Emission of nitric oxide (NO) from tropical forest soils and exchange of NO between the forest canopy and atmospheric boundary layers


Emissions of NO from soils in the Amazon rain forest were measured at 66 locations (224 measurements) using an enclosure technique, and continuous vertical profiles of NO and O3 were measured between the ground and 41-m altitude. Fluxes of NO averaged 8.9 (±1.5) × 109 molecules cm−2 s−1 from the dominant (yellow clay) soils of the region, with larger fluxes (33.7 (±6.5) × 109 molecules cm−2 s−1) observed from adjacent white sand soils. Fluxes from clay soils were lower by more than a factor of 5 than fluxes observed during the dry season at a nearby site.

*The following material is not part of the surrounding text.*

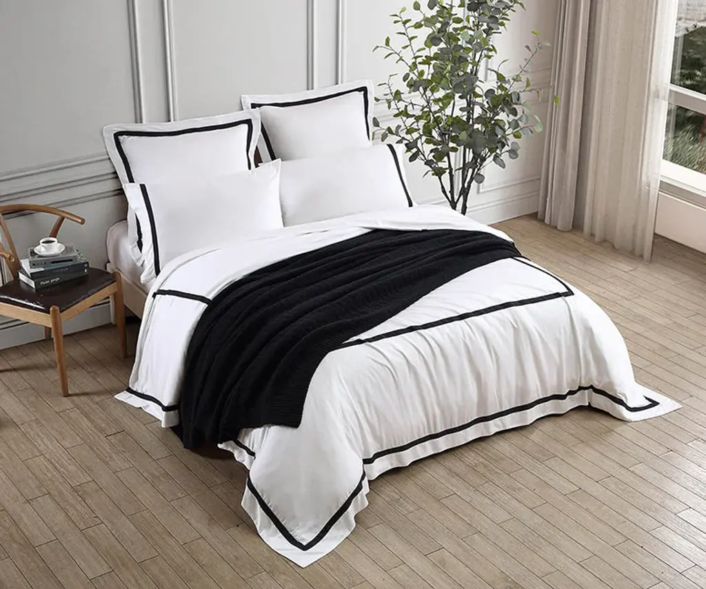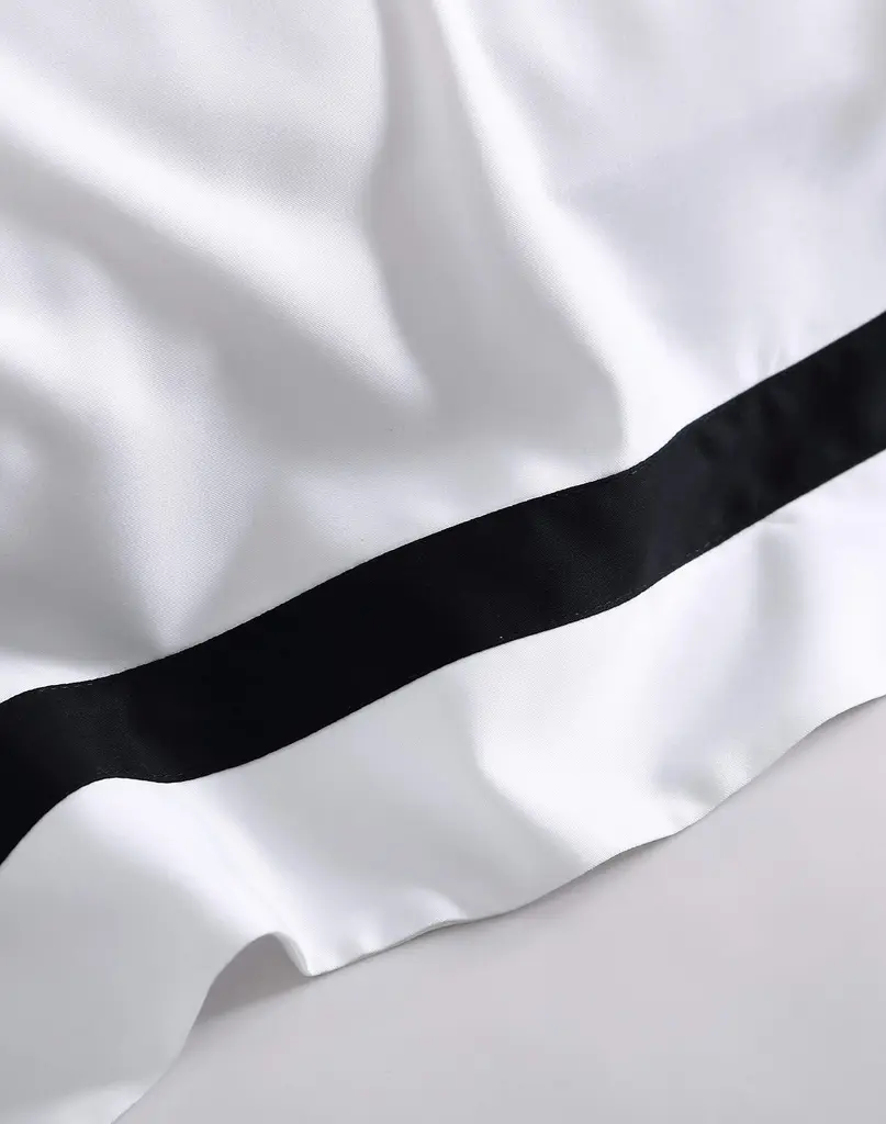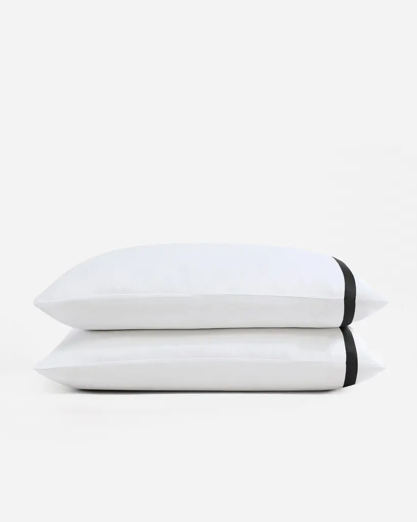 A pair of soft, bamboo viscose pillowcases to rest your weary head upon. Featuring an envelope closure and one-sided tape detailing in an array of hues, this modern-elegant set will never go out of style. Ahh, get comfy. Set includes: 2 Pillowcases Side opening Silky soft feel Hypoallergenic Natural cooling effect

Low soil emission rates were reflected in lower concentrations of NO at the top of the forest canopy in the wet season, only 30–50 pptv (parts per trillion by volume) during the daytime. The measured fluxes are consistent with chemical mass balances for NO within the forest canopy, calculated from the NO and O3 profiles taken at night, and with observations of NO between 150 and 5000 m altitude (A. L. Torres and K. R. Hooks, unpublished manuscript, 1989). Measurements of NO emission rates from soil plots fertilized using NaNO3, NH4Cl or sucrose indicated that a reductive pathway (denitrification) may have been primarily responsible for production of the NO released by both clay and sand soils.